**COLLECTED DATA**:
-.-.-
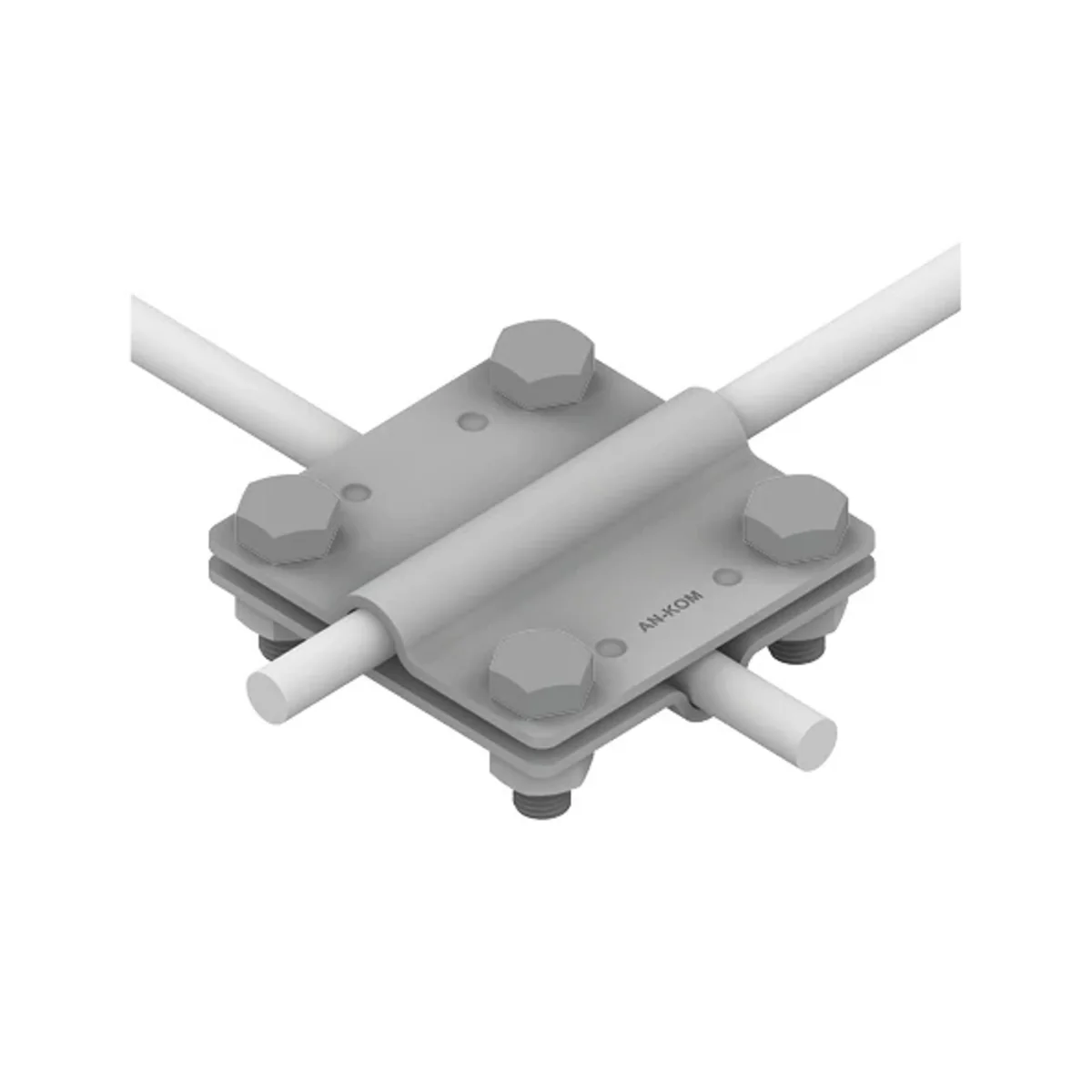 Conectores en cruz atornillados con cuatro tornillos para conectar cables redondos en forma transversal y en forma de T. Clase de resistencia de corriente H = 100 kA
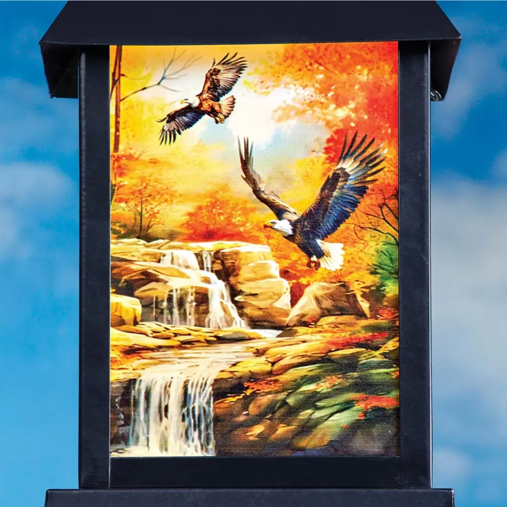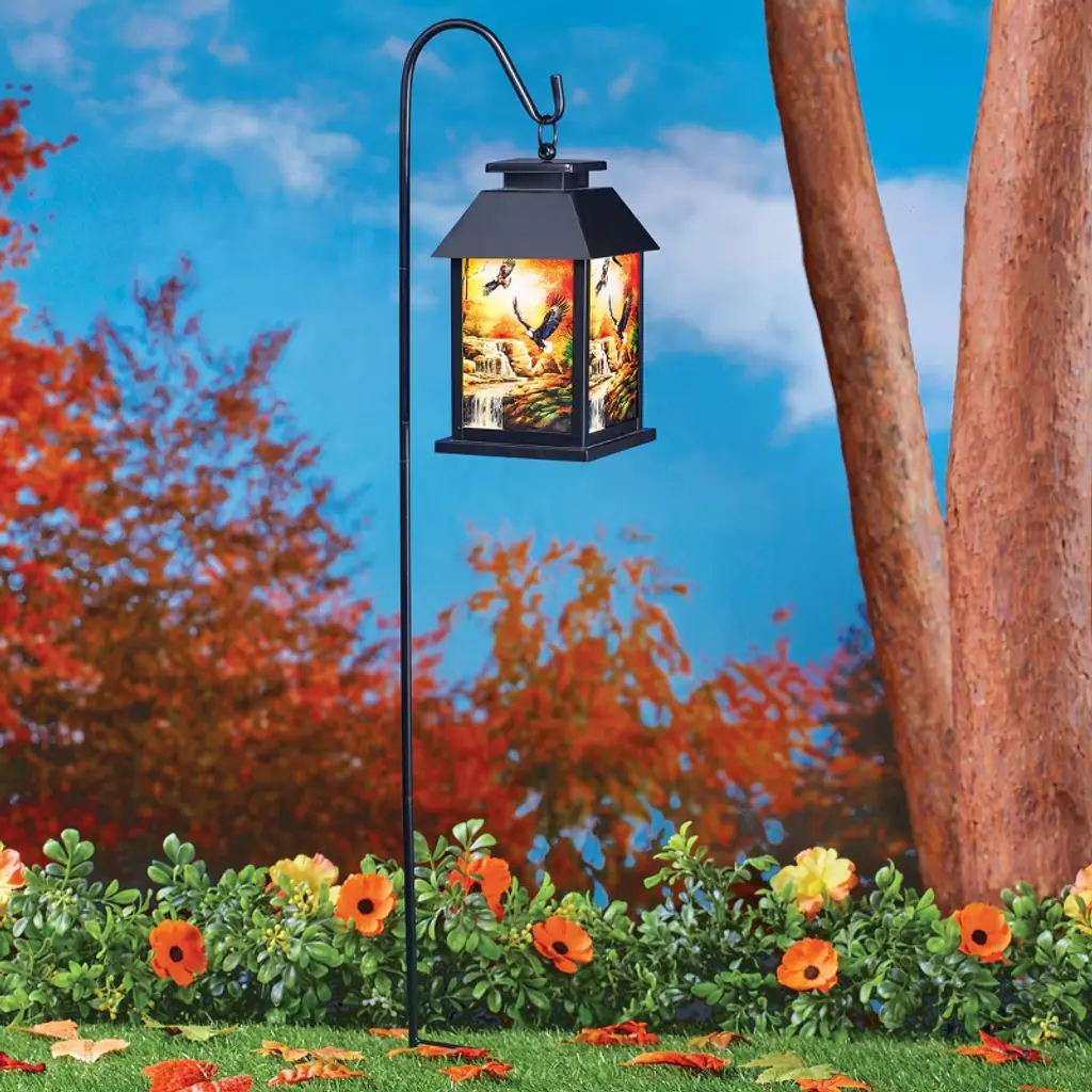 Collections Etc Solar Powered Bald Eagles Fall Scene Lantern With Shepherd's Hook
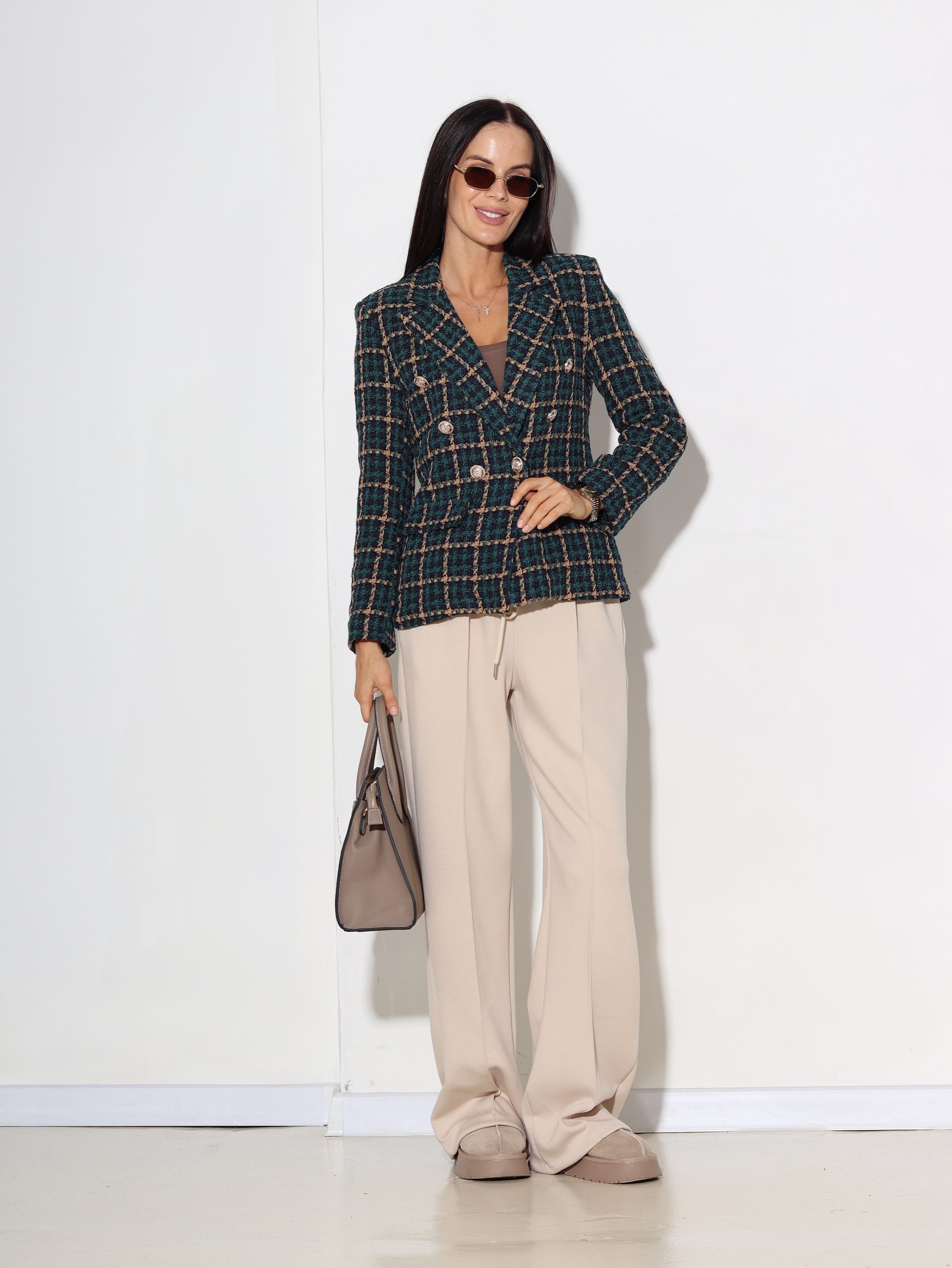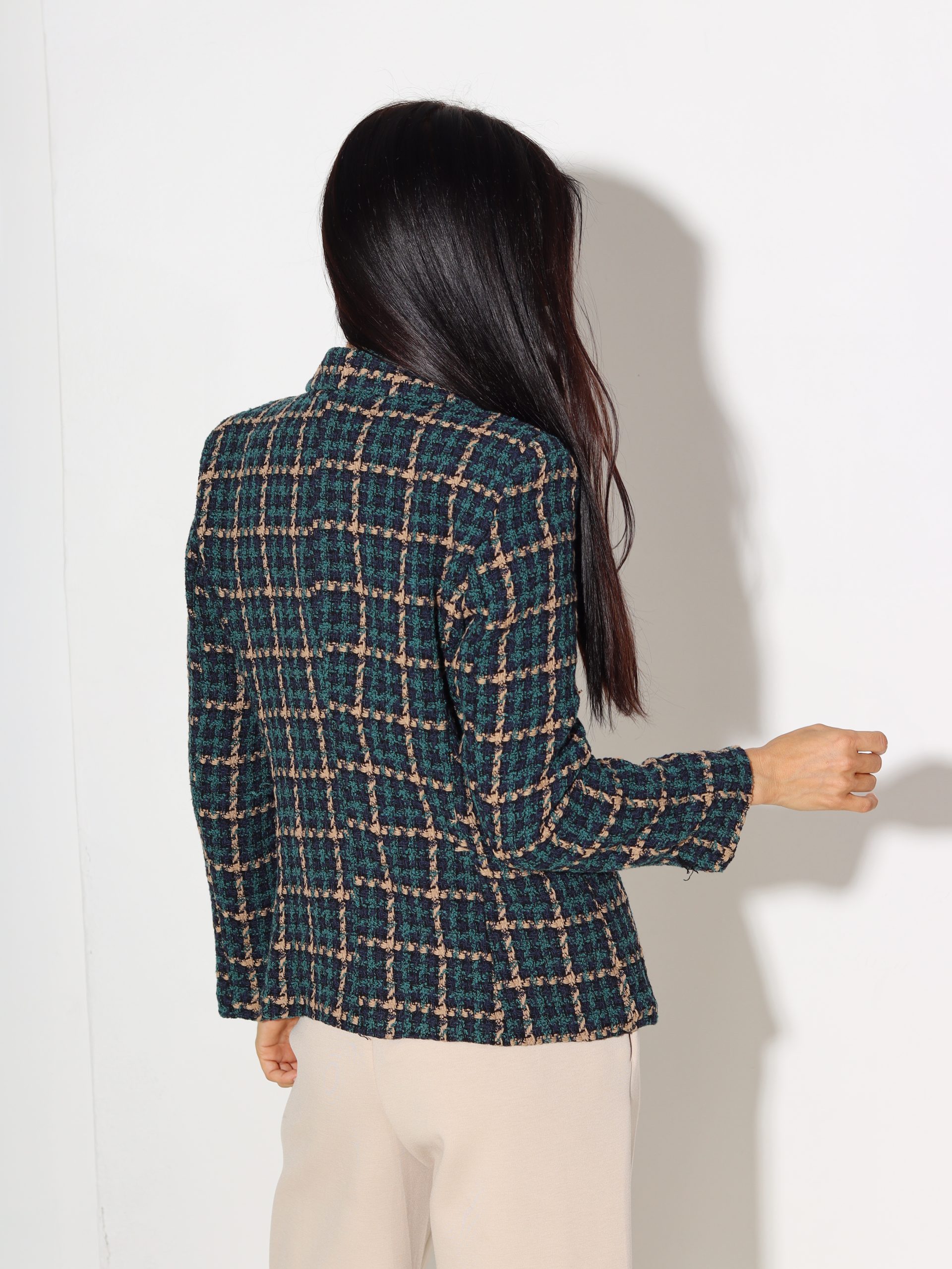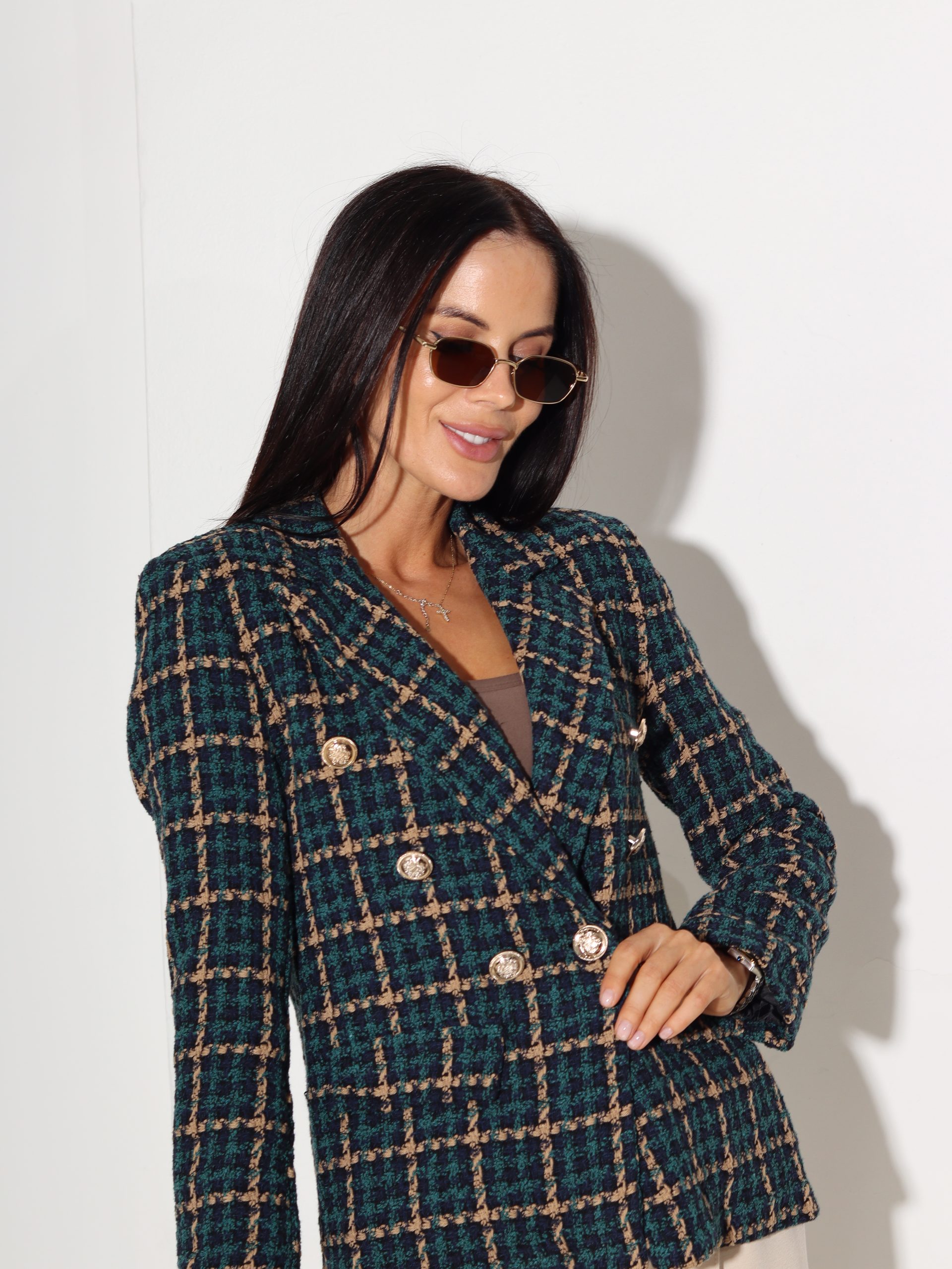 Tvīda auduma , rūtaina raksta žakete ar 6 zelta krāsas pogām ( 5 no tām ir dekoratīvas). Priekšpusē žaketei ir divas dekoratīvas kabatas un plecu daļā ir iestrādāti polsteri. Žaketes iekšpusē ir iestrādāta odere.
-.-.-
**REQUIRED WORK**:
"Collections Etc Solar" marks the first line to copy; copy that line and every line after it through the last line of the listing, exactly and without pictures.

**SOLUTION TO THIS EXERCISE**:
 Collections Etc Solar Powered Bald Eagles Fall Scene Lantern With Shepherd's Hook
 Tvīda auduma , rūtaina raksta žakete ar 6 zelta krāsas pogām ( 5 no tām ir dekoratīvas). Priekšpusē žaketei ir divas dekoratīvas kabatas un plecu daļā ir iestrādāti polsteri. Žaketes iekšpusē ir iestrādāta odere.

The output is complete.